Las manos de mi madre
El valor de una persona se mide por la belleza de su alma, no la del cuerpo.
En el soleado cobertizo de una pequeña casa, perdida entre un mar de flores de glicina, una joven madre trabajaba sobre una vetusta mesa de madera. Desde muy temprano había estado tejiendo un chal para su hija, que jugaba a su lado con unas muñecas.
En un momento dado, la niña detuvo su juego y se puso a observar las manos de su madre. Sus enormes ojos, que abarcaban amorosamente todo el ser de su madre, se llenaron de inquietud y, sin poder contenerse más, la pequeñita exclamó:
—¡Qué feas son tus manos, mamá!
Esta, dejando a un lado lo que estaba haciendo, se inclinó, tomó entre sus manos la cabecita de su amada hija y, sin poder reprimir las lágrimas, le dio un beso en la frente, para después decirle:
—Sí, mi niña, mis manos realmente son muy feas.
Un poco más lejos, en el jardín, como un testigo silencioso de todo lo ocurrido, el padre leía un diario. Dejó que pasaran unos minutos, y cuando vio que la pequeñita había retomado su juego, la llamó para dar un paseo entre las flores. Caminaron unos metros y se detuvieron junto a un árbol frutal. Haciéndole un gesto para que se sentaran en la hierba, le preguntó:
—¿Te gustaría que te contara una pequeña historia, María?
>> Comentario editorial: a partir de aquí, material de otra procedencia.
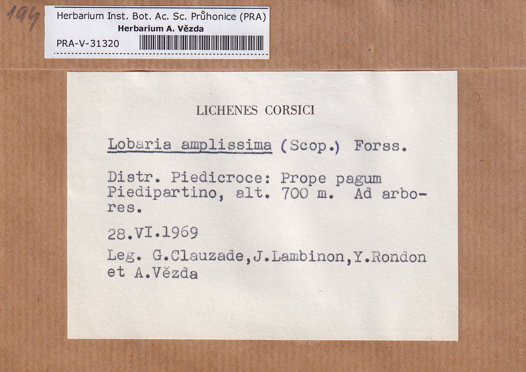 - Deposited in parcel no.100a Lobaria A-Y
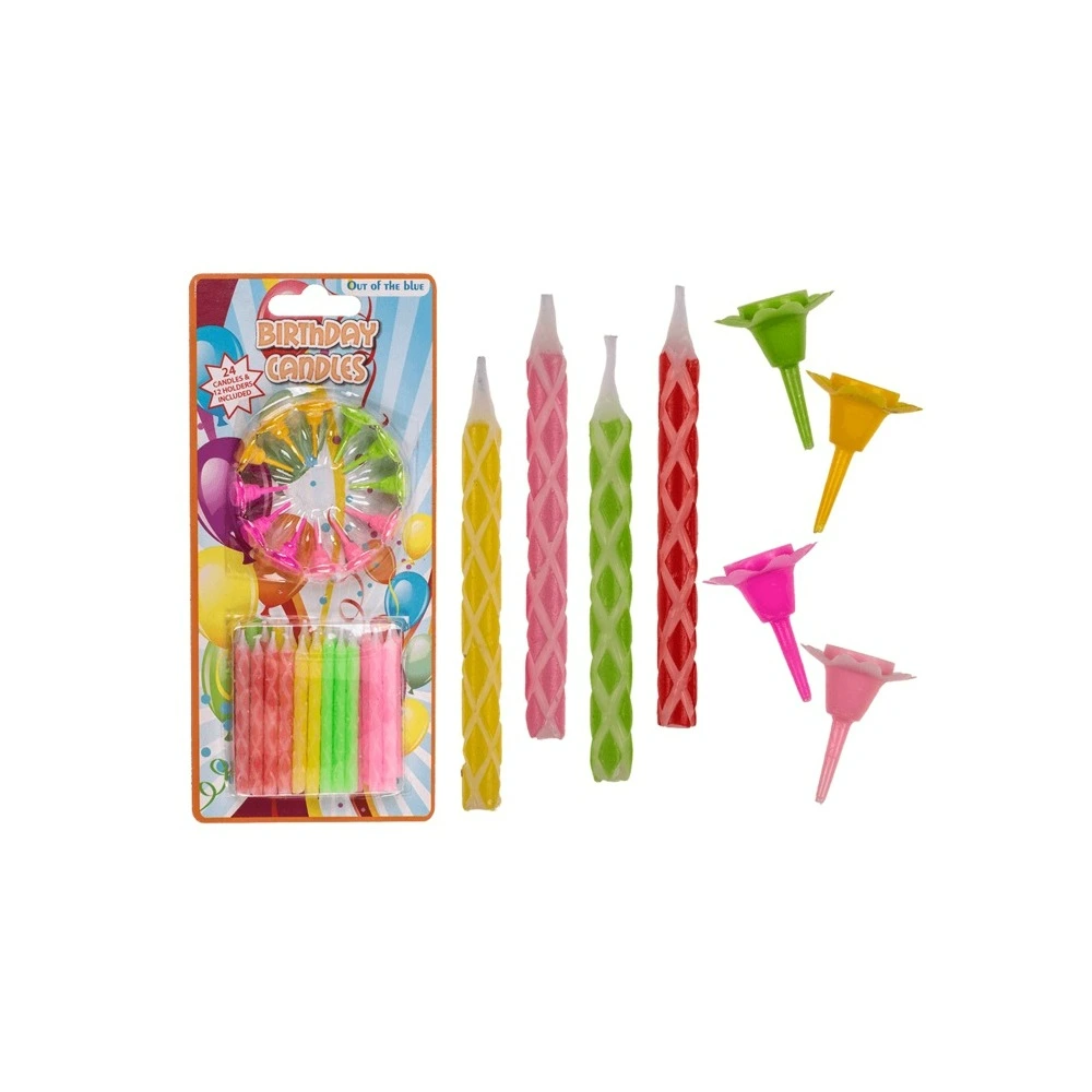 Out Of The Blue 24 Birthday Candles, 0.5 x 5.8 cm With 12 Cake Holder #181016.
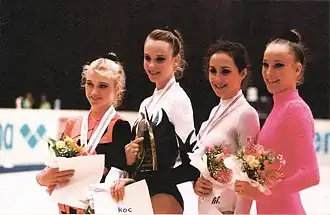 Kateryna Serebrianska[a] (born 25 October 1977 in Simferopol) is a Ukrainian former individual rhythmic gymnast. She is the 1996 Olympics gold medalist, the 1995 World All-around champion, the 1996 European All-around champion, and three time Grand Prix Final All-around champion.
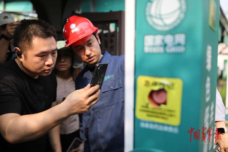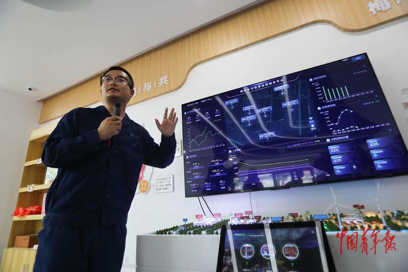 8月4日,浙江省杭州市萧山区瓜沥镇梅林村,国家电网杭州供电公司零碳工程师来涵彬向来宾讲解梅林村的乡村智慧能源服务平台。平台分为共富电单、绿色生活、工业降碳等几个模块,从系统可以看到梅林村总的光伏发电情况、储能情况、充电站情况和节能减排情况。历年数据显示,梅林村的总减排量已经达到598.58吨,基于中国林业通用标准相当于等效植树32000棵。中青报·中青网记者 孔斯琪/摄

—¡Sí, me encantan las historias! —respondió ella.
—Entonces, escucha con atención:
«Una bella y joven madre, con unas manos blancas como de doncella, tenía un solo hijo, una niña, a quien amaba con todo su corazón. Los padres de la niña no eran ricos, por eso no tenían cómo pagarle a alguien para que viniera a ayudarlos con las tareas domésticas. Mientras el padre se iba a trabajar, la mamá se ocupaba con todo lo necesario en el hogar. La niña crecía llena de alegría y salud, bajo la amorosa mirada de sus padres. Una mañana, la madre salió a comprar algunos alimentos a la tienda del lugar. Mientras tanto, la niña dormía tranquilamente en su camita. Inesperadamente, un rescoldo de la estufa cayó sobre la alfombra, prendiéndola en fuego. Las llamas se extendieron con rapidez, hasta envolver toda la habitación. Un humo denso y negro llenó la casa. Al escuchar los gritos de la niña, los vecinos salieron y vieron lo que estaba pasando. Sin embargo, era demasiado tarde para intentar salvarla. El fuego engullía toda la casa.... La mamá de la chiquilla, que entonces volvía a casa, arrojó las bolsas que traía en las manos y corrió desesperada, sin pensar en el peligro que esto representaba, para tratar de salvar a su hija. Algunos vecinos intentaron pararla, sabiendo que ya no se podía hacer nada. Pero no hubo brazos tan fuertes que pudieran retenerla. Un solo pensamiento la impulsaba, salvar a su hija. Entró. En un instante se halló en el dormitorio de la pequeña. La tomó en sus brazos y con sus manos apagó las llamas que comenzaban a cubrir la ropa de la niña. Decidida, estrechó fuertemente a la niña y atravesó corriendo la casa, hasta llegar afuera. Sofocada por el humo, la pequeñita ni se movía. Con la ayuda de los vecinos y de los rescatistas que iban llegando, lograron despertarla. La niña se salvó, pero su mamá sufrió graves quemaduras en los brazos y las manos. Estuvo internada varios meses en el hospital. Cuando finalmente la dieron de alta y pudo regresar con su familia, sus otrora hermosas manos estaban llenas de cicatrices y habían adquirido un color violáceo, todo ello causado por aquella valiente lucha contra el fuego».
Cuando el padre terminó su relato, vio que por el rostro de su hijita resbalaban gruesas lágrimas. Sin decir nada, esta se levantó y corrió al cobertizo. Se acercó a su madre, se arrodilló ante ella y, besándoe las manos y enjugándoselas con sus lágrimas, le dijo:
—¡Mamita buena y santa, tus manos son las más lindas del mundo!
(Traducido de: Flori în calea tineretului, Ed. Sf. Mina, Iași, 2008, p. 11)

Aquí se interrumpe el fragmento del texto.